Most of the analyzed clay minerals are high-magnesia smectite, although a few green varieties have relatively high iron (Table T15). Neither the Fe- nor Mg-rich clay minerals are associated with ferromagnesian minerals, and generally the composition is independent of the host mineral. Exceptions to this rule are found in Samples 176-735B-203R-2, 11-16 cm, and 210R-5, 116-120 cm, where what appears optically to be a clay mineral is actually partly altered plagioclase. A few clay mineral samples with high CaO (not shown in Table T15) contain small amounts of finely divided carbonate.

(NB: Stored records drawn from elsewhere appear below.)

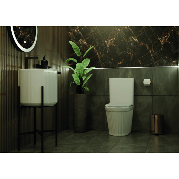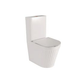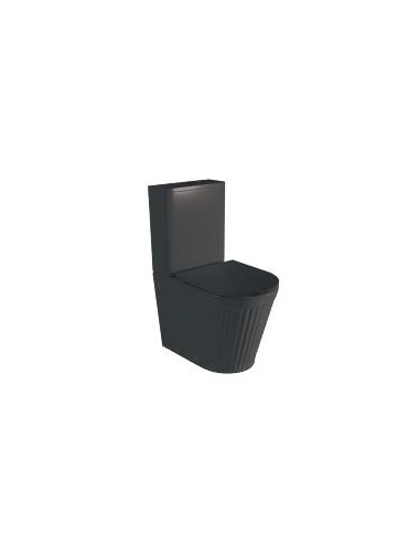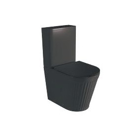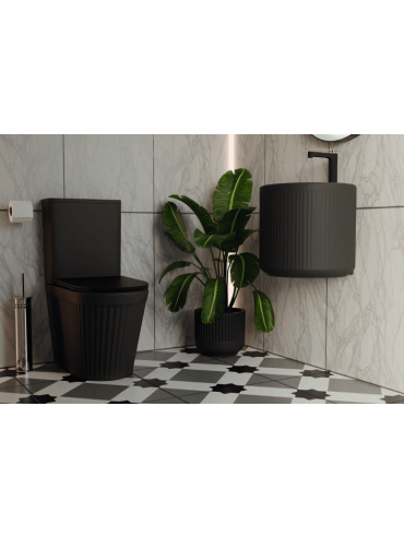 Inodoro de diseño moderno con salida dual. Fabricado en cerámica y disponible en blanco brillo o negro mate. Incluye tapa extrafina de duroplast con cierre amortiguado. Parte de una serie a juego para un baño con estilo uniforme.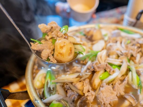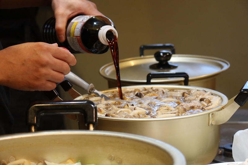 その日用意された芋煮は4種類。山形村山風は醤油味で、里芋、牛肉、こんにゃく、長ネギを中心に地域によってごぼうやキノコ類が入るもの。この日はしめじが入っていた。〆には残りのスープを使ったカレーうどんが人気とのこと。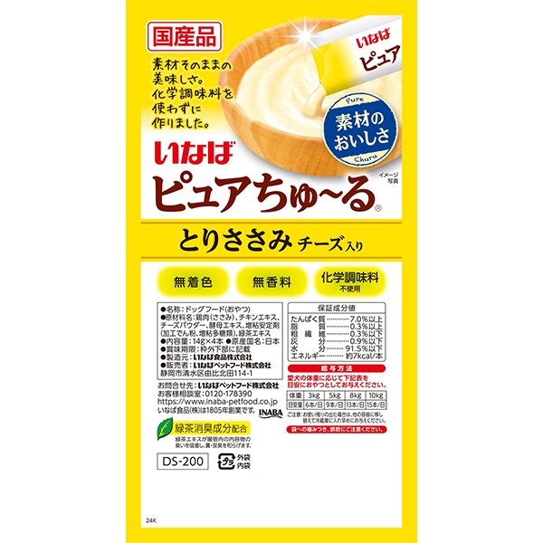 - 鶏肉(ささみ)、チキンエキス、チーズパウダー、酵母エキス、増粘安定剤(加工でん粉、増粘多糖類)、緑茶エキス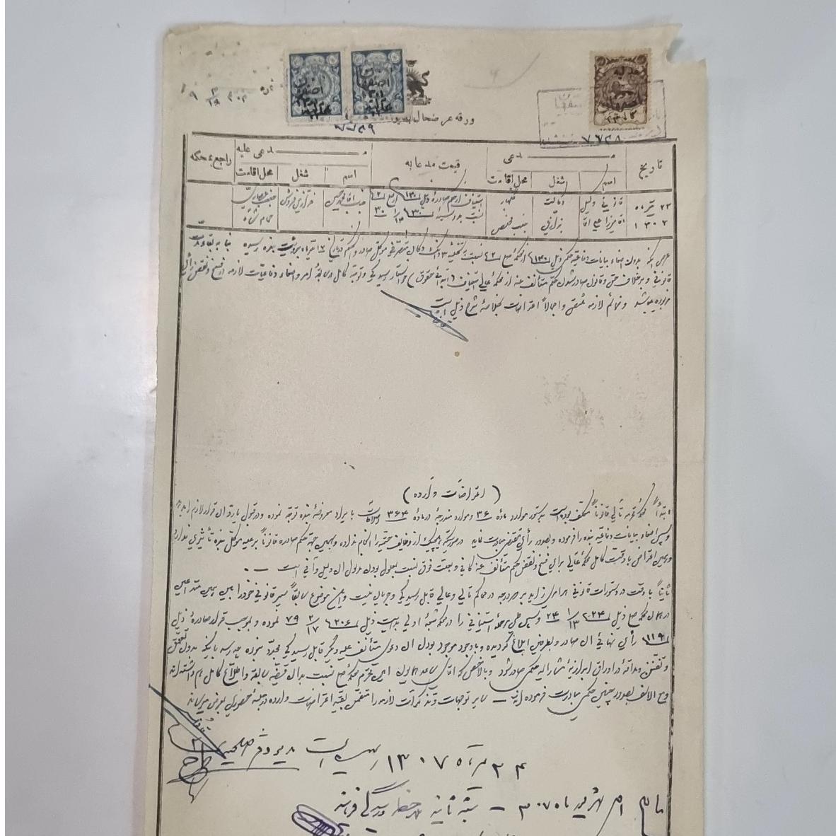 سند خطی تمبردار ورقه عرضحال به دیوانخانه عدلیه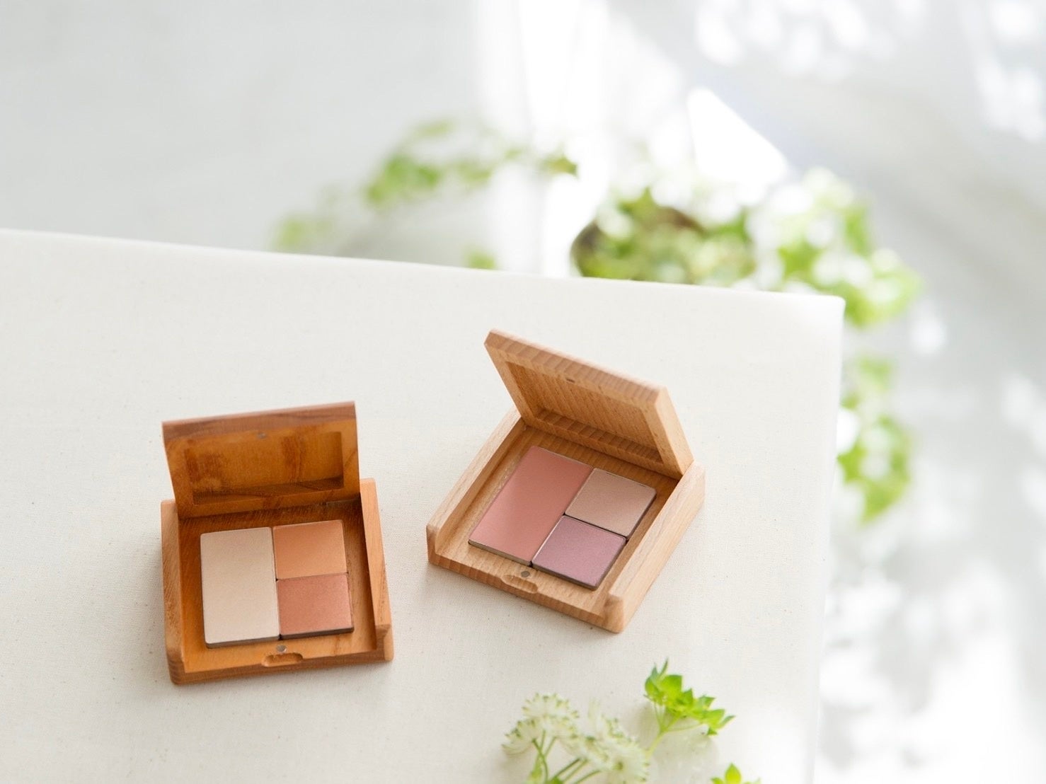 カカオバターやセサミオイルなどの植物由来の天然オイルを配合し、肌にうるおいを与えながら繊細な輝きを放つチークやアイカラーで、心ときめくカラーを楽しんで。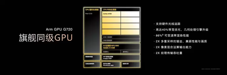 天玑 8400的强大不仅仅体现在CPU上,GPU表现同样堪称“神级进化”。它搭载了旗舰同级7核Mali-G720 GPU,带宽优化高达40%,并针对多重采样抗锯齿、像素混合运算输出和纹理传输吞吐量等关键技术进行了深度优化,图形计算能力实现了全面突破。此外,天玑 8400可变速率渲染性能提升高达86%,还支持硬件光线追踪技术。这些技术升级,将给玩家带来沉浸感拉满的游戏体验。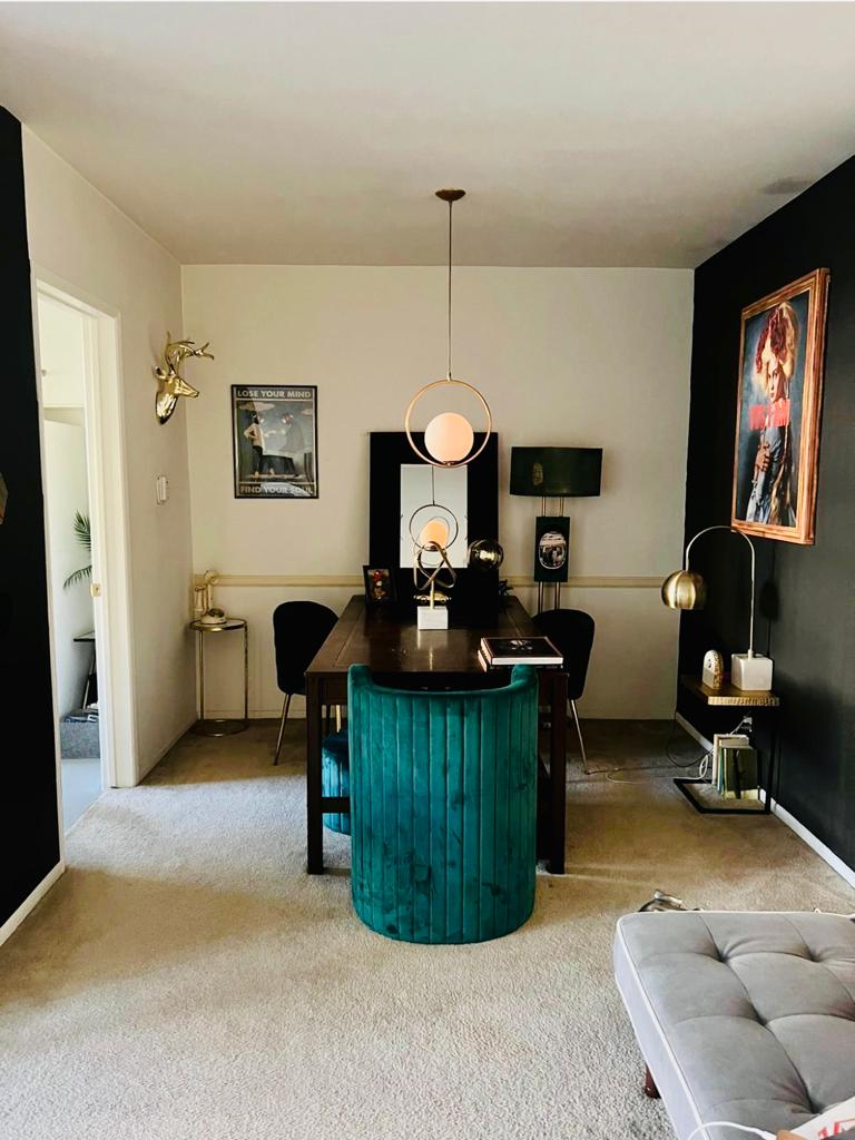 I had a really large living room, so I had the idea of dividing it into two different spaces, by separating them with curtains. I created a private guest room behind the curtains to be able to host travelers.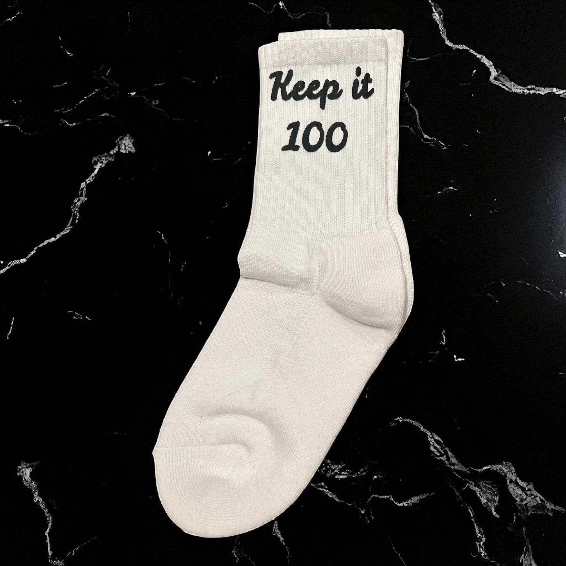 Step up your streetwear game with Keep It 100 Socks. Designed for all-day comfort and everyday flex, these socks bring the same bold energy as our clothing – minimal, stylish, and built to last. 90% cotton, 7% nylon, 3% elastane
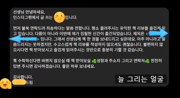 출판사나 서평단 대표님, 독서모임 멤버들에게 받는 메시지가 아니라 작가님께서 직접 보내주신 메시지였다. 인스타에 올린 서평 글을 즐겨보고 계신다고 이번에 새 책이 나왔는데 읽어보지 않겠냐고 권해주셨다.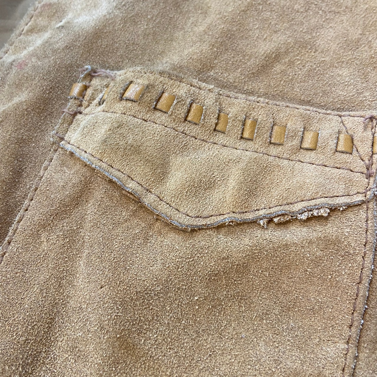 また、恐らく前の所有者がフリンジがあったであろう部分をカットした形跡が見受けられます。

Small amounts of carbonate are widely scattered in the Hole 735B veins. The carbonate either replaces groundmass minerals or forms narrow, discrete veins. In both cases, it is typically associated with clay minerals, zeolites, or prehnite. Most of the carbonate, particularly that in discrete veins, is white, but some of the material is light brown or is intimately intermixed with light brown clay minerals. It is entirely calcite in composition, having a maximum of 5.67 wt% MgO and only trace amounts of FeO, MgO, SiO2, and SrO (Table T16).